Maybe it will help me remember that Christ died for ALL because of His great love for us.

And maybe, instead of adding more hatred and bitterness to the world, God will both strengthen and soften my heart to love as He loves me.

Romans 12:14-21

14 Bless those who persecute you. Don’t curse them; pray that God will bless them. 15 Be happy with those who are happy, and weep with those who weep. 16 Live in harmony with each other. Don’t be too proud to enjoy the company of ordinary people. And don’t think you know it all!

17 Never pay back evil with more evil. Do things in such a way that everyone can see you are honorable. 18 Do all that you can to live in peace with everyone.

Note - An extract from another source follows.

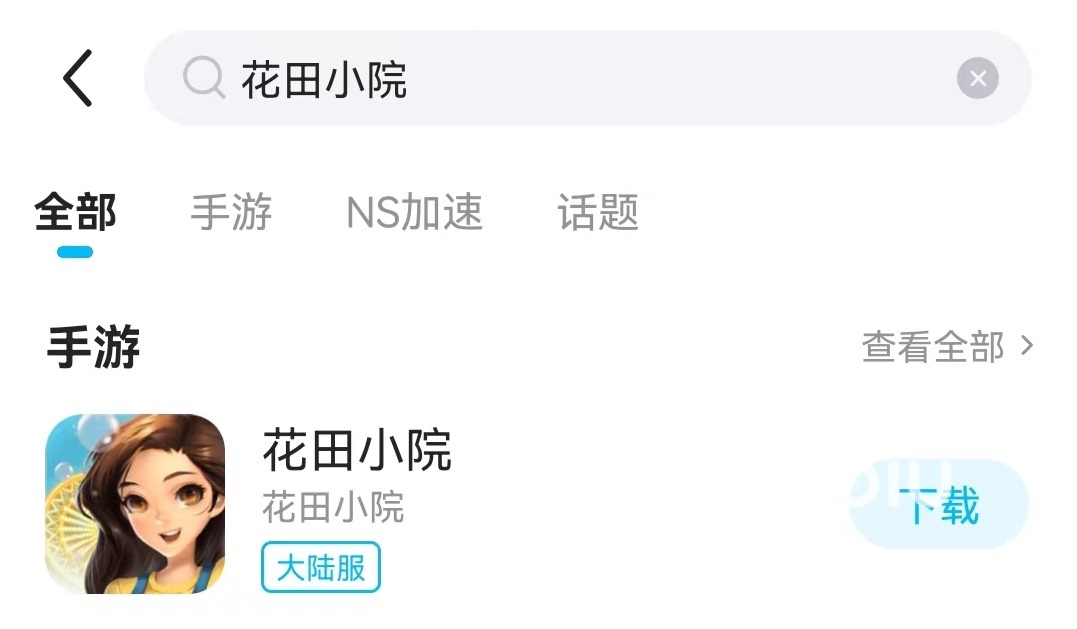 接下來是打開相關(guān)加速優(yōu)化功能,從該頁面中上方搜索欄輸入花田小院名稱,在下方彈出所有搜索結(jié)果中找到正確那一個,點擊一下旁邊按鍵,此時就能開啟該游戲網(wǎng)絡(luò)優(yōu)化。
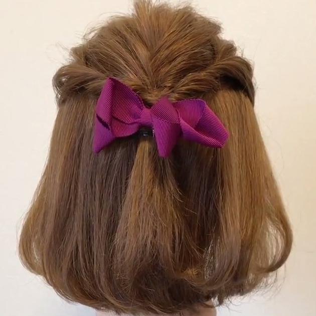 清楚系ヘアアレンジといえば、ハーフアップでしょう!後髪の表面を取り、三つ編みをしてほぐすだけだから、ショートでもかわいくアレンジできるんです。

19 Dear friends, never take revenge. Leave that to the righteous anger of God. For the Scriptures say, “I will take revenge; I will pay them back,” says the Lord.

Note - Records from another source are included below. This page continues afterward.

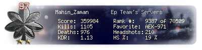 | Headshots | 210 | Suicides | 10 | Headshot / Kill | 19 % |
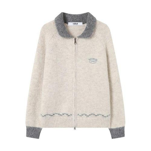 [위시드]자수 배색 카라 투웨이 집업 가디건 (WICDCD013)
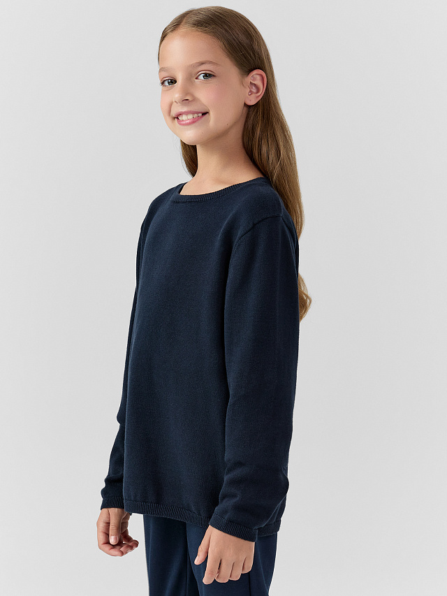 Однотонный джемпер прилегающего силуэта для девочек. Выполнен из высококачественного хлопка. Вырез круглый, не глубокий. Рукава длинные. Идеально для школы и мероприятий, предполагающих официально-деловой стиль одежды. Мягкая и невероятно комфортная модель для повседневной носки в школу, для внеклассных занятий и как базовая одежда на каждый день. Дополнить такой лонгслив можно юбкой, брюками, сарафаном и другими вещами из детского гардероба. Рекомендуем этот хлопковый джемпер для девочек!

20 Instead, “If your enemies are hungry, feed them.
 If they are thirsty, give them something to drink.  
In doing this, you will heap
 burning coals of shame on their heads.”

21 Don’t let evil conquer you, but conquer evil by doing good

2 thoughts on ““Bad Guy” Blessings

  1. Gilda,aka Mom

    Amen and oh me! What a convicting, challenging blog!

  2. Dale Riddle

    Hey T,
    This is one of your better blogs, because it sure left me thinking and that is hard for anyone to do. Most of us are already settled into our own beliefs and just casually glance at what others have to say. This blog certainly seals the truth that your gift is writing and expressing your faith in ways that people can understand. Thanks for the revelation and or allowing your kids to teach you such marvelous truths.
    I am still not sure that Jesus literally said all these things when he was here on earth, but if he did, I am supposed to be like him and follow His example and consequently I am in deep doo-doo. I pray for my enemies but only with the hope that they get what they deserve in the end. “Vengeance is Mine says the Lord…” I am praying that all those evil ones get a serious ass kicking in heaven or wherever they choose to be. I guess what I am saying is that I understand the principles and even believe them to be worthy, but my human nature still enjoys the freedom of reaping what I choose to sow. You hurt my family, I hurt you back, you slap my right cheek, I will turn and slap your right cheek, you treat others bad, and I will see that you get what our deserve, make my life miserable and I will make your life miserable or leave before I decide to something that I would regret. The good thing is all this is that God still loves me, understands my struggles, forgives me after I do something awful to someone and says, ” I understand where you are coming from and I will stand with you in spite of your mistakes. Sometimes, I use people like to you to extract my vengeance.” Of course, I know this is all rationalization, but it helps me live with my carnal ways. (HA) Love you and keep up the great work. It is so thrilling to have a daughter that is far more the image of Christ than her dad.